With $3$ bare states ($n{\overline n}$, $s{\overline s}$, $gg$) of the same
quantum numbers, the propagator of
Eq.~(\ref{P}) becomes a $3 \times 3$ matrix. 
The hadrons are then the eigenstates of this matrix. 
To determine these requires a diagonalization. 
This diagonalization accounts for the mixing between states
 of the same quantum numbers.

%\newpage
%
%\noindent {\bf {\large 3. The input}}

\vspace{0.3cm} 

\noindent
{\bf The input} for the bare seeds is as follows.
\begin{itemize}
\item
There is an ideally mixed $q \overline q$ multiplet. The mass of the
non-strange members is $m_0(n \overline n)$, and the mass splitting is 
determined by the
extra mass of the strange quark, where $\Delta m_s \simeq 100 $ MeV from
standard  phenomenology.
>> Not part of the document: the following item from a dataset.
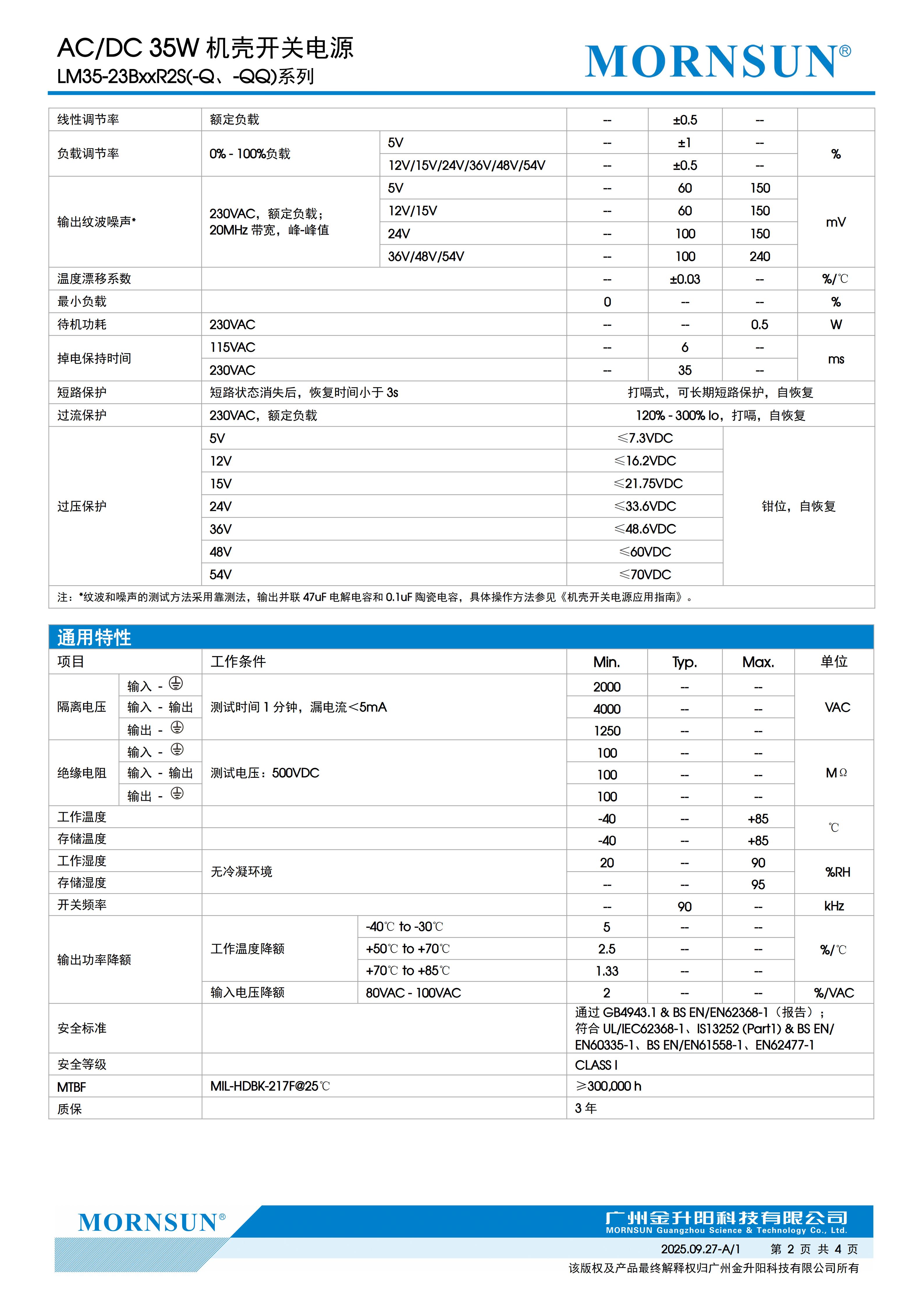 LM35-23BxxR2S 系列----是金升阳从体积、性能、工艺、结构等多维度出发,对工业机壳电源标准进行革新,为客户提供的超小型第二 代新工业标准金属机壳式电源。该系列电源具有全球通用输入电压范围、交直流两用、高性价比、低功耗、高效率、高可靠性、安全 隔离等优点。产品安全可靠,EMC 性能好,EMC 及安全规格满足 IEC/EN61000-4、CISPR32/EN55032、UL/IEC/EN/BS EN62368、 EN60335、EN61558、EN62477、GB4943 等标准。该系列广泛应用于工控、路灯控制、安防、通讯、智能家居等领域。产品应用在 电磁兼容比较恶劣的环境下时必须参考应用电路

The couplings of these bare bound states to
two pseudoscalars are assumed to be related by $SU(3) _f$ symmetry, so that in 
fact there is effectively only one overall coupling for the nonet, $\gamma$. 
Similarly, the cut-off $k_0$ in the form factor of Eq. (\ref{F}) is assumed
universal. 
The parameters $m_{0}$, $\gamma$ and $k_{0}$ are to be determined.
\item
The quenched gluestate has mass $m_0(gg)$ specified by lattice calculations.
The coupling $\gamma '$ is arranged to give a width of the unmixed glue
state, to the sum of the two pseudoscalar channels we consider, of 
$(108 \pm 29)$ MeV as computed by the {\it IBM} group~\cite{ibm}. The
coupling to individual channels is assumed to be according to one of two
schemes, either\\
(a) the bare state is an $SU(3) _f$ singlet, or \\
(b) the bare state has couplings as found by the {\it IBM} \\
    \makebox[0.4in][r] group~\cite{ibm} on the lattice.
\end{itemize}
%\noindent In principle, the range of the interactions involving a gluestate
%could
%differ from that for the $q{\overline q}$ multiplet.  Consequently, we
%could 
%introduce a
%momentum cut-off $k_0'$ for the gluestate formfactor analogous to 
%Eq.~(\ref {F}).
%However, varying this makes so little difference that here
%we report results with $k_0' = k_0$, so there is only one range parameter.
%
\noindent The size of the effect of turning on hadron loops can be understood
qualitatively. For S-wave decays, each threshold produces a jump, Eq.~(4),
in the imaginary part of the mass function directly related to the strength
of the coupling to the opening threshold with a corresponding cusp in the real 
part. If the coupling strength gives a
width of $100$ MeV, for example, then this may shift the mass of any bare
state that is within $100$ MeV or so of this threshold by roughly $100$ MeV
and generally towards this threshold. This naturally has the effect of
making the scalar mesons appear close to strongly coupled 
thresholds~\cite{Corsica}, potentially attracting the $a_0(980)$ and 
$f_0(980)$ to $K \overline K$ threshold, for example, if the parameters are
suitable. 

\vspace{0.8cm}

\noindent {\bf The ${\bf I=1/2}$ and ${\bf 1}$ sectors.} 
Though all the light scalars 
feature in our discussion, the major experimental
ingredient in determining $m_0, \, \gamma, \, k_0$ is the well established 
$K _0 ^*(1430)$, which from the $PDG$ tables~\cite{PDG} has
\be
m = (1429 \pm 6)\, {\rm MeV} ; \; \Gamma =\,(287 \pm 23)\, {\rm MeV} .
\label{K}
\ee
That this $I=1/2$ state is a member of the lightest $q \overline q$ nonet is
uncontroversial. In contrast, whether the $a_0(980)$, or a possible $a_0(1430)$,
belongs to this same multiplet is {\it a priori} not so clear.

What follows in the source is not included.